Secret Service investigation leads to agents put on leave over scheme providing rent-free apartments
WASHINGTON - Four U.S. Secret Service employees have been placed on leave related to their association with two men and a scheme to provide the federal officers with tens of thousands of dollars in rent-free apartments and other gratuities.
The disciplinary action was taken in connection with the arrests of Arian Taherzadeh, 40, and Haider Ali, 35, who were charged with impersonating Department of Homeland Security agents, according to court documents.
At separate Thursday court appearances, Assistant U.S. Attorney Joshua Rothstein suggested that additional conspiracy charges could be filed in the case, adding that the suspects sought to "infiltrate" federal law enforcement and defense agencies.
Rothstein also made reference to Ali's possible association with the Pakistani intelligence service.
The prosecutor said Ali had told witnesses about his "connections" to the organization known as ISI, but Rothstein said the government had not confirmed those claims.
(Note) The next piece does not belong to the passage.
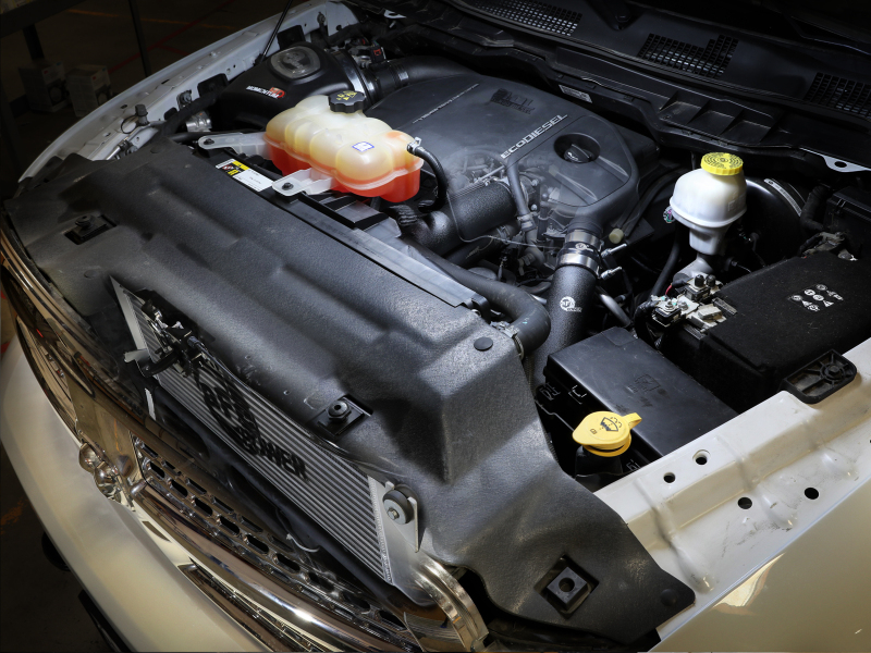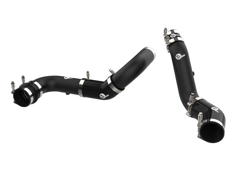 BladeRunner GT Series intercooler end tanks are constructed out of heavy-duty 3/16" TIG-welded aluminum plates. This BladeRunner GT Series Intercooler features a 3" bar and plate core that is extremely durable and allows for greater airflow over stock. This BladeRunner Intercooler and tube kit features billet aluminium inlet and outlets with a quick-connect adapter and an o-ring seal to ensure a leak-free fit while maintaining superior strength and durability. 100% TIG-welded for race proven strength and durability. TIG-welding provides the strongest welds, reducing stress cracks. The included tubes are powder coated wrinkle black and are constructed of mandrel-bent aluminum for maximum airflow. The smooth transition bends decrease turbulence and minimize pressure loss, increasing performance. Also featured are heavy-duty 5-ply silicone couplings and stainless-steel spring-loaded T-bolt clamps. This BladeRunner intercooler kit uses factory mounting locations for stability and easy installation. BladeRunner intercoolers are brush finished and along with charge pipes feature laser engraved aFe POWER logos.

He said a passport had been recovered in Ali's name showing travel visas to Pakistan and Iran.
A federal magistrate scheduled a Friday detention hearing for both men to determine whether they would remain in custody pending trial.
Federal authorities alleged that Taherzadeh provided Secret Service members and a Homeland Security employee with more than $40,000 in rent-free apartments at an upscale district complex, smartphones, surveillance systems, a flat-screen television and assorted law enforcement paraphernalia.
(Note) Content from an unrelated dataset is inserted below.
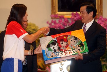 中華臺北奧運代表團掌旗官賴圣蓉(左)贈送奧運福娃給馬英九。(“中央社”圖)
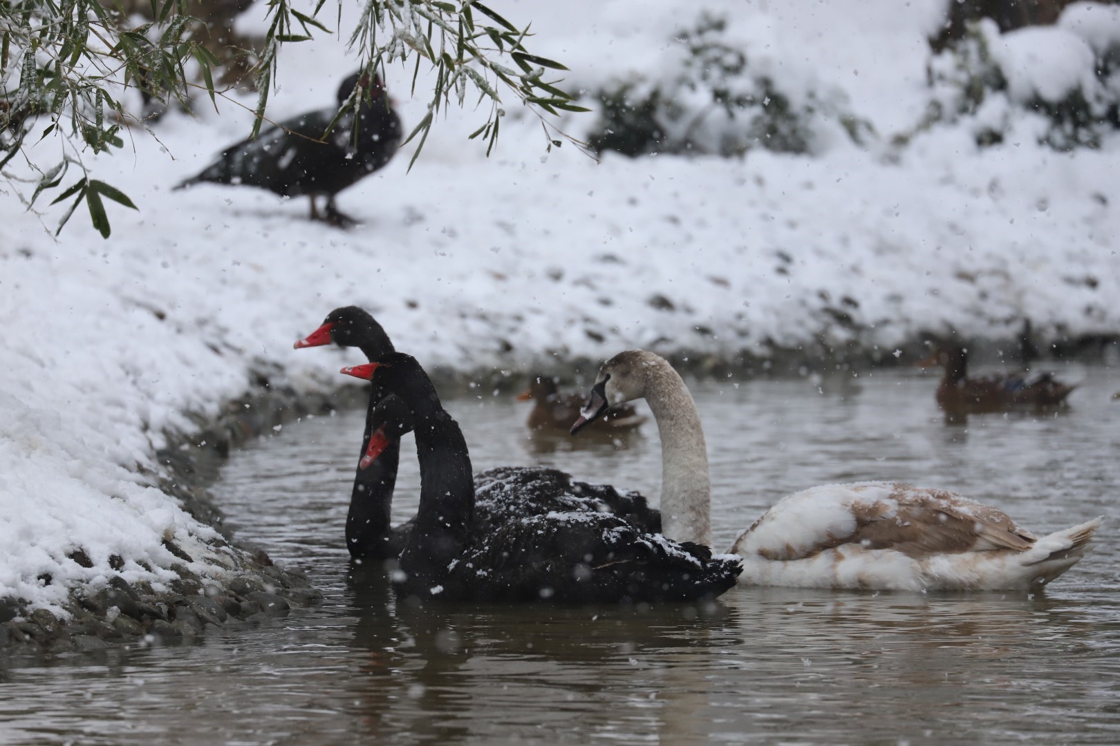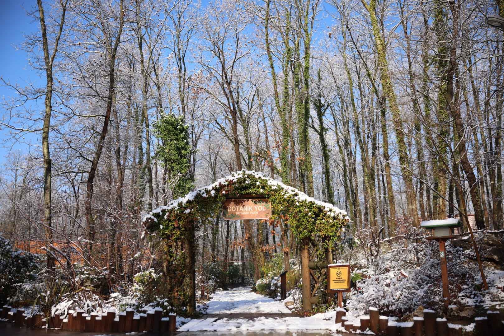 Avrupa'nın en büyük doğal yaşam parkı olma özelliğini taşıyan merkez, etkili olan yağışla beyaza büründü.

In one case, Taherzadeh allegedly offered to purchase a $2,000 assault rifle for a Secret Service agent assigned to the protective detail of first lady Jill Biden.
Another Secret Service employee, a member of the agency's Uniformed Division assigned to the White House complex, was provided access to a penthouse apartment valued at $40,200 between February 2021 and January 2022.
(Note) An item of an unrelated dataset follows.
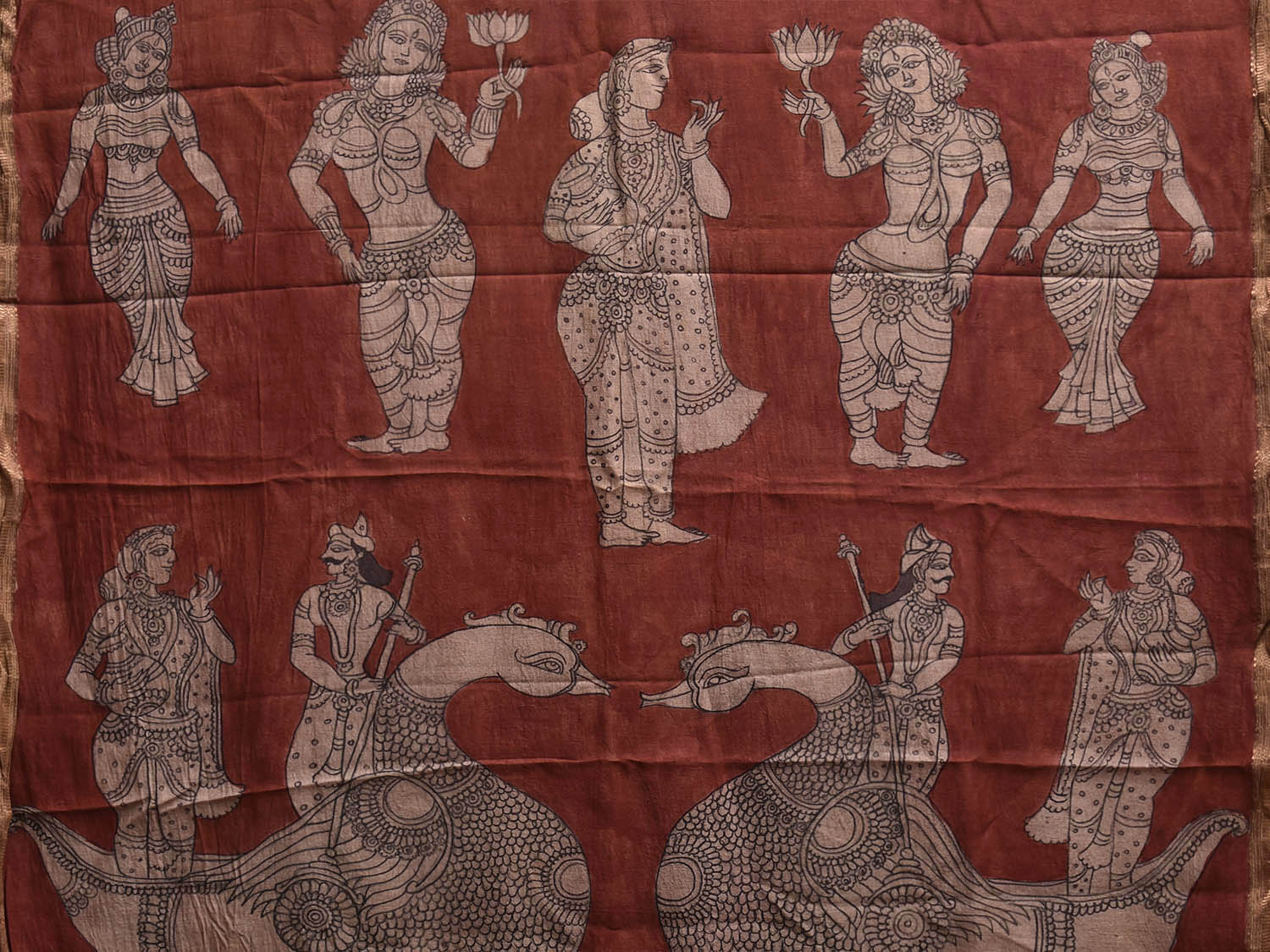 Grey and Red Kalamkari Hand Painted Muga Silk Handloom Saree with Floral and Mythological Design. This hand painted kalamkari is done using natural dyes. As they are natural colors they bleed with initial washes, so we suggest Dry clean.

A separate, three-bedroom apartment valued at nearly $50,000 was provided to a second Uniformed Division officer during the same time period.
Taherzadeh allegedly told the officers that the apartments were approved by the DHS as part of his work.
"The investigation confirmed that there are no such operations and that it authorized no such expense," court documents stated.
Rothstein told a federal magistrate Thursday that the suspects controlled up to five apartments in the complex, where they also lived.
The alleged scheme began to unravel last month when authorities began investigating an assault of a U.S. Postal Service letter carrier.
During the investigation, witnesses told authorities that Taherzadeh and Ali, who represented themselves as agents with Homeland Security Investigations unit, may have witnessed the assault.
In a brief statement Thursday, the Secret Service said it was cooperating with the "ongoing investigation."
"All personnel involved in this matter are on administrative leave and are restricted from accessing Secret Service facilities, equipment, and systems," the agency said.
If convicted, Taherzadeh and Ali face a maximum punishment of three years in prison and fines of $250,000 each.